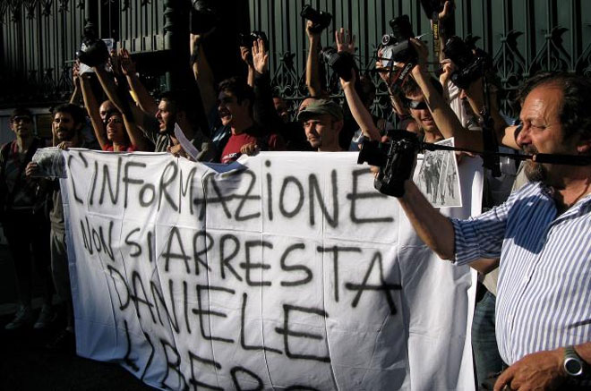 (Μία ομάδα φωτορεπόρτερ κρατούν ένα πανό μπροστά από την πρεσβεία της Τουρκίας στη Ρώμη που αναγράφει: «Δεν μπορείτε να συλλάβετε την ενημέρωση, ελευθερώστε τον Ντάνιελ» – ώρα Ελλάδος: 21.45)
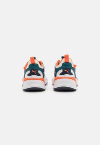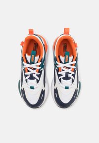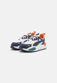 Baskets avec un upper en maille blanche, accents navy, détail de talon vert, languette orange et semelle texturée contrastante. Lacets flexibles inclus.
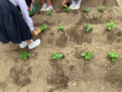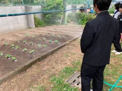 3年技術科で、先日ポットに植えた枝豆が発芽し、本葉が出てきました。今日畑に定植しました。畑は、学校元気アップの皆さんによって畝を作っていただきました。元気アップの皆さんありがとうございます。収穫は7月中旬を予定しています。収穫が楽しみです。
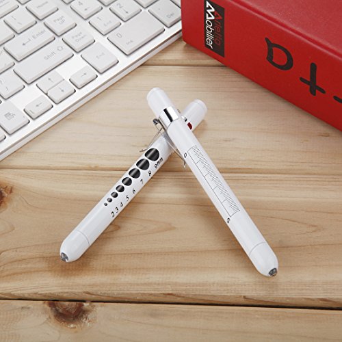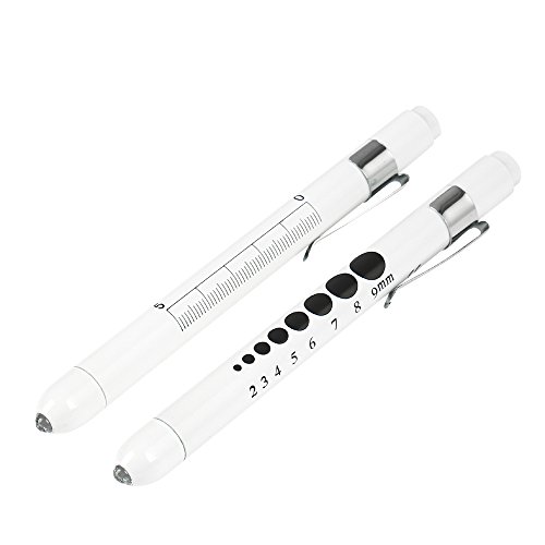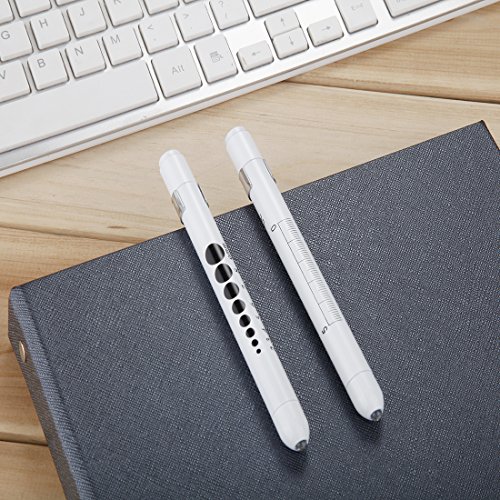 Kimilar 2 Pieces Nurse Penlight LED Medical Pen Light with Pupil Gauge for Nurses Students Doctors Stethoscope Healthcare with 4 Pieces Durable AAA Batteries, White Light
· · · · · · ·
The result should be the listing above, restated exactly, with no pictures in it.

 (Μία ομάδα φωτορεπόρτερ κρατούν ένα πανό μπροστά από την πρεσβεία της Τουρκίας στη Ρώμη που αναγράφει: «Δεν μπορείτε να συλλάβετε την ενημέρωση, ελευθερώστε τον Ντάνιελ» – ώρα Ελλάδος: 21.45)
 Baskets avec un upper en maille blanche, accents navy, détail de talon vert, languette orange et semelle texturée contrastante. Lacets flexibles inclus.
 3年技術科で、先日ポットに植えた枝豆が発芽し、本葉が出てきました。今日畑に定植しました。畑は、学校元気アップの皆さんによって畝を作っていただきました。元気アップの皆さんありがとうございます。収穫は7月中旬を予定しています。収穫が楽しみです。
 Kimilar 2 Pieces Nurse Penlight LED Medical Pen Light with Pupil Gauge for Nurses Students Doctors Stethoscope Healthcare with 4 Pieces Durable AAA Batteries, White Light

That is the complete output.